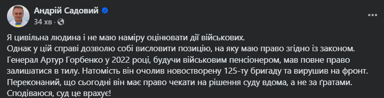 «Генерал Артур Горбенко у 2022 році, будучи військовим пенсіонером, мав повне право залишатися в тилу. Натомість він очолив новостворену 125-ту бригаду та вирушив на фронт. Переконаний, що сьогодні він має право чекати на рішення суду вдома, а не за ґратами. Сподіваюся, суд це врахує!» – каже він.
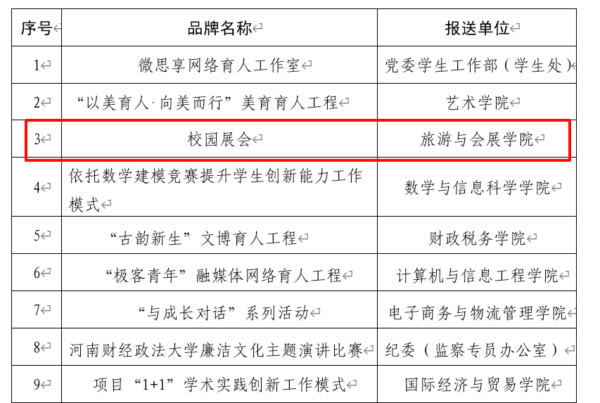 近日,校党委下发《关于表彰第四届“十大校园文化品牌”的决定》(校党〔2023〕153号),我院申报的“校园展会”项目被授予“十大校园文化品牌”荣誉称号。
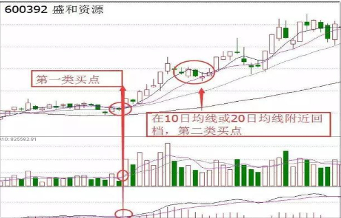 上图盛和资源(600392)在2016年4月13日前后出现第一类买点,三线金叉,且前期成交量长期萎缩,在金叉出现之际,底部成交量激增,股价放长红。随后该股开启一波拉升,4月22日开始出现几天回调,股价回踩10日均线获得支撑,第二类买点出现。
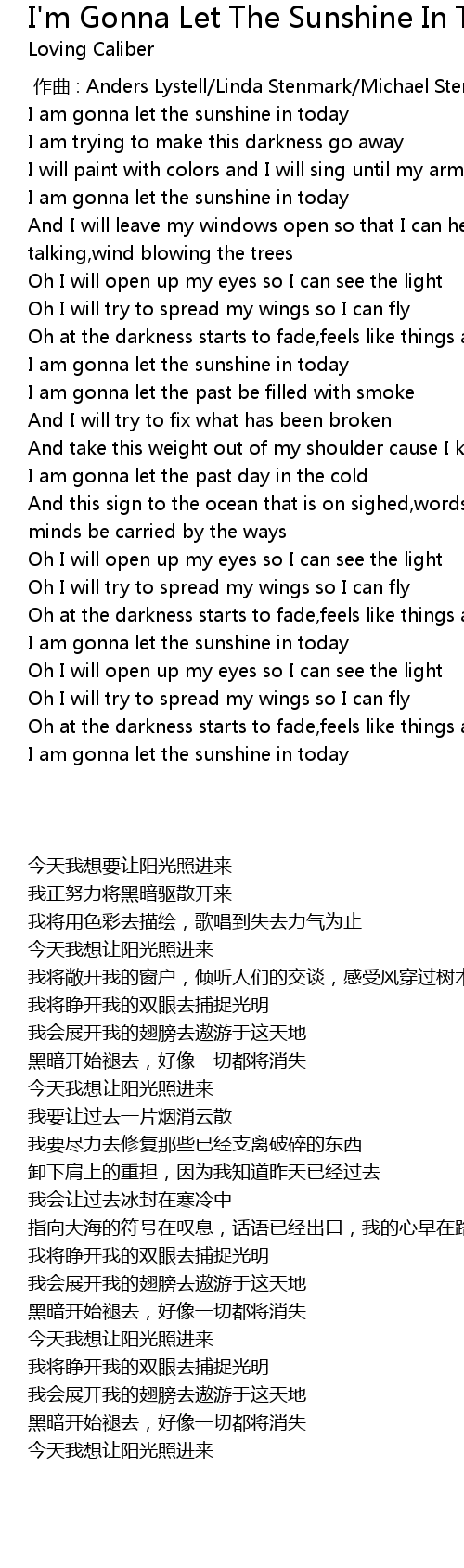 | 歌曲 | I'm Gonna Let The Sunshine In Today |
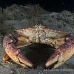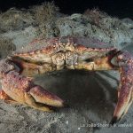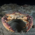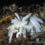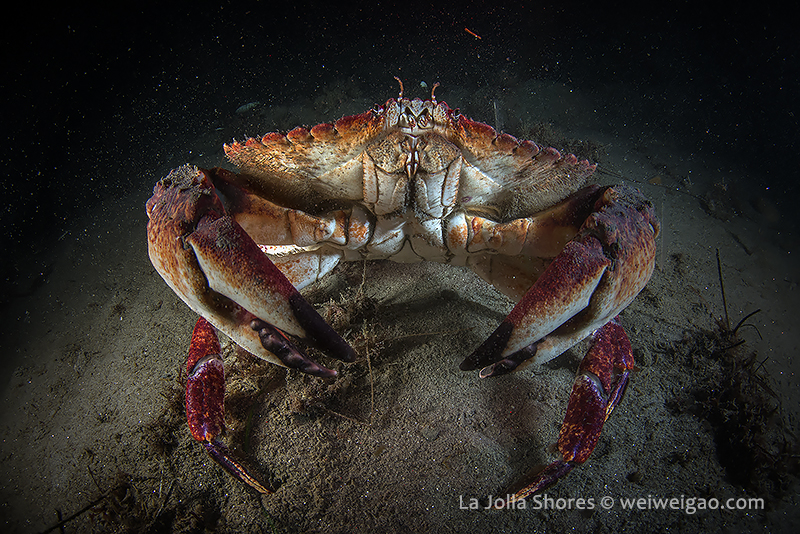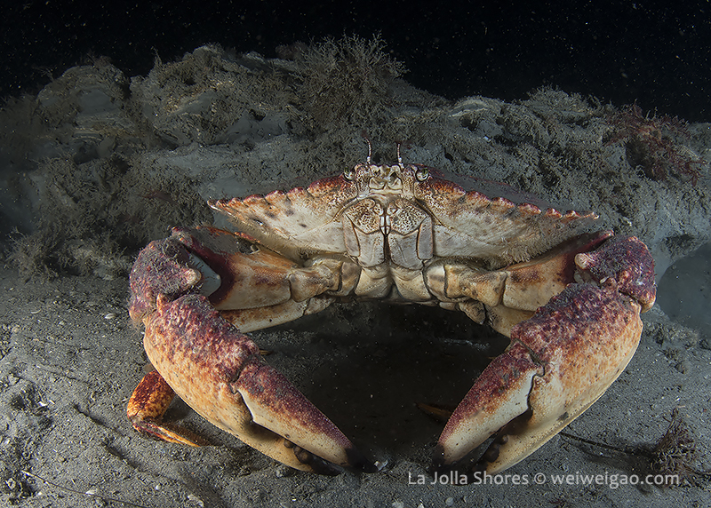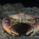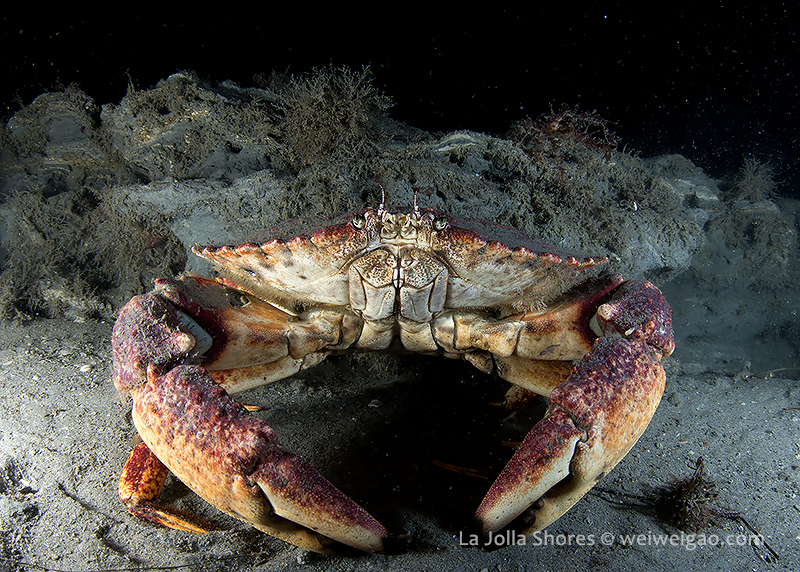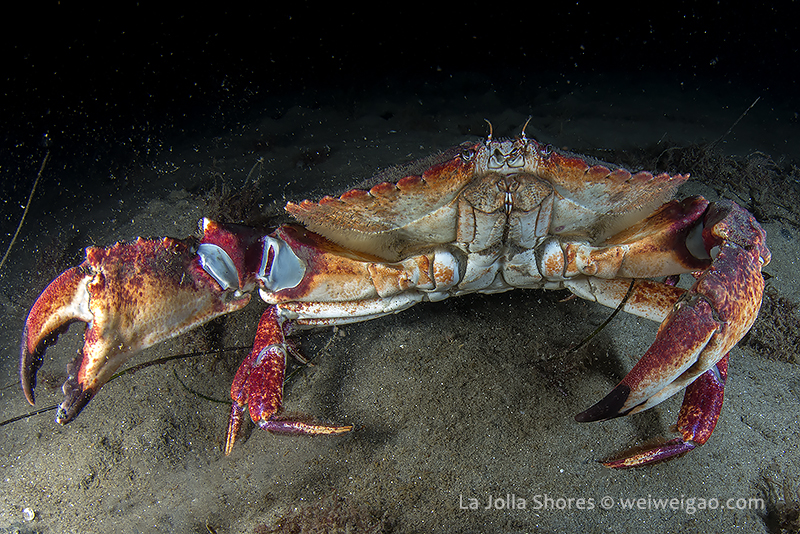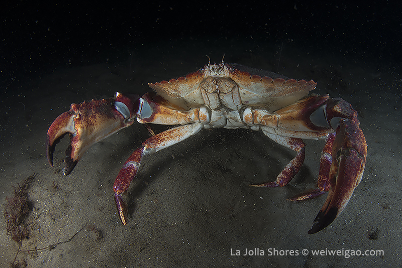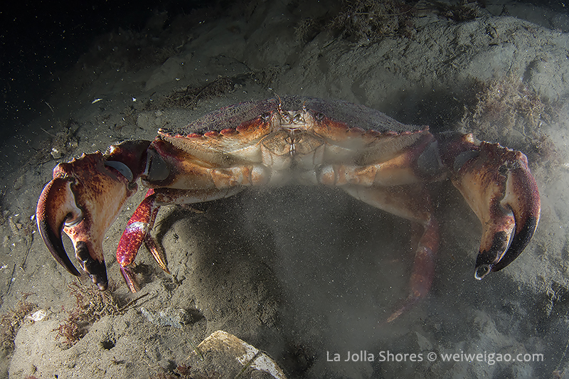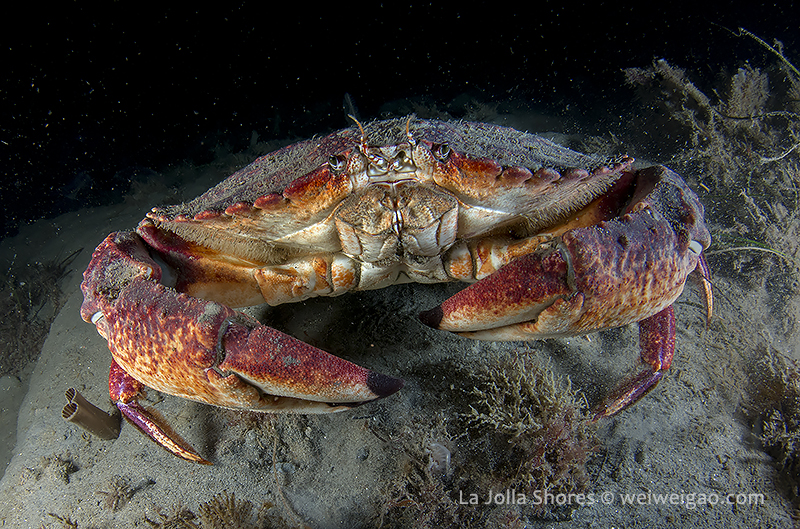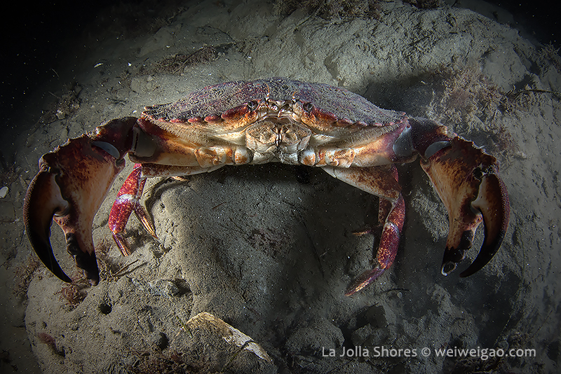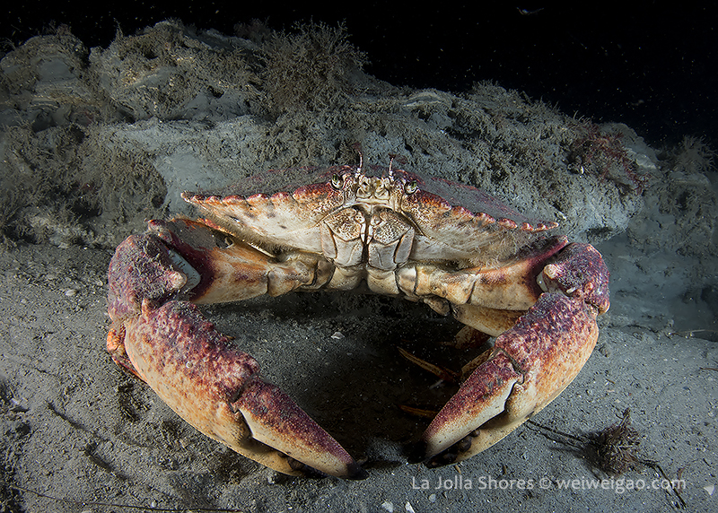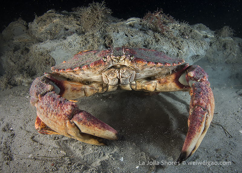 On the south wall, I came across some squid eggs. A sheep crab trudged by the eggs but it didn’t seem to care.

§ Task to carry out:
In the copy, each entry above must match exactly, and no picture may be carried over.

§ Response to this exercise:
 «Генерал Артур Горбенко у 2022 році, будучи військовим пенсіонером, мав повне право залишатися в тилу. Натомість він очолив новостворену 125-ту бригаду та вирушив на фронт. Переконаний, що сьогодні він має право чекати на рішення суду вдома, а не за ґратами. Сподіваюся, суд це врахує!» – каже він.
 近日,校党委下发《关于表彰第四届“十大校园文化品牌”的决定》(校党〔2023〕153号),我院申报的“校园展会”项目被授予“十大校园文化品牌”荣誉称号。
 上图盛和资源(600392)在2016年4月13日前后出现第一类买点,三线金叉,且前期成交量长期萎缩,在金叉出现之际,底部成交量激增,股价放长红。随后该股开启一波拉升,4月22日开始出现几天回调,股价回踩10日均线获得支撑,第二类买点出现。
 | 歌曲 | I'm Gonna Let The Sunshine In Today |
 On the south wall, I came across some squid eggs. A sheep crab trudged by the eggs but it didn’t seem to care.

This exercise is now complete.